Anchorage Digital has added Strategy’s STRC preferred stock to its balance sheet, signaling stronger institutional alignment around Bitcoin.
Anchorage Digital announced that it has purchased STRC, the Nasdaq listed perpetual preferred security issued by Strategy. The crypto bank did not disclose the size or timing of the position.
CEO Nathan McCauley described the move as a signal of institutional conviction in Bitcoin infrastructure and treasury adoption, while Strategy’s executive chairman Michael Saylor responded publicly in support.

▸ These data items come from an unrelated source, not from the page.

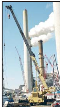
#855 '90 GROVE RT745

#259 1988 P&H Model CN150, 50 Ton Hydraulic Rough Terrain Crane, s/n 54373, powered by Cummins 8.3L diesel engine and powershift transmission, equipped with 35'-110' 4-section boom with 25' power pin fly, 35' swingaway jib, main and auxiliary hoists, PAT anti-two block system, hook block, (4) hydraulic outriggers, and 26.5-25 tires. In good condition with good tires. (Maxim)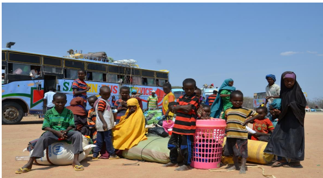
Refugees returning to Somalia under UNHCR's voluntary repatriation Program.

On 16 Oct the Ambassador of Ethiopia came to Dadaab and had meeting with representatives of the Ethiopian refugees and responded to their queries. Soon another delegation from the Ethiopian Embassy is expected to come to process issuing of travel documents. In the meantime, logistical arrangements as well as bidding for the flights are underway.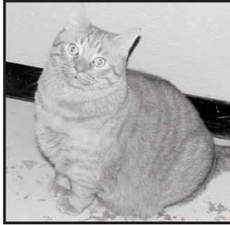
Garfield thanks all of our members for their support!

Please also take a moment to review our revised bylaws, which were also voted in at the November election meeting. The revisions help ensure that our organization can run more smoothly and efficiently, and you can review the changes for yourself at http://www.catsociety.org/about-ics/board-of-directors .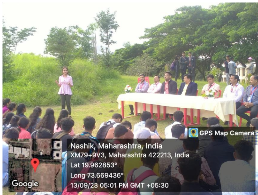
Feedback given by students on Induction program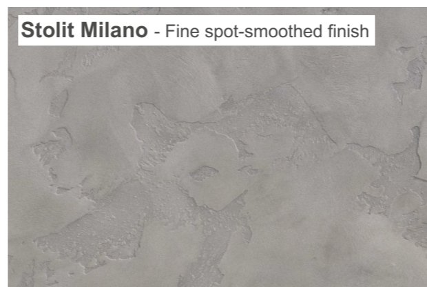
Stolit Milano - Fine spot-smoothed finish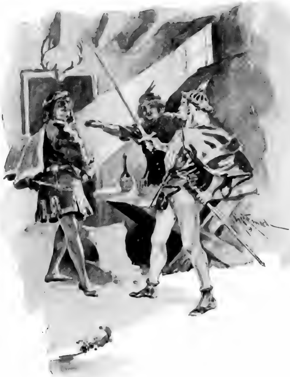
"AND QUICK TO DRAW THE SWORD IN PRIVATE FEUD."—Page 164.

San Francisco based Anchorage Digital, the first federally chartered US crypto bank, confirmed that it holds Strategy’s STRC preferred shares on its balance sheet. The announcement was made by co founder and CEO Nathan McCauley in a post on X.
“Conviction compounds. Institutions don’t just talk about Bitcoin, they structure around it,” McCauley wrote. He added, “When the company that operationalizes Bitcoin infrastructure puts capital alongside the company that operationalized the Bitcoin treasury strategy…that’s a signal.”
Anchorage declined to reveal how much STRC it purchased or when the investment was made.
STRC, known as Short Duration High Yield Credit, is a perpetual preferred security that ranks senior to common stock such as MSTR. According to Strategy’s official website, it is designed as a short duration, high yield instrument. It pays an 11.25 percent annual dividend, distributed monthly in cash, with adjustments intended to help stabilize trading near its 100 dollar par value.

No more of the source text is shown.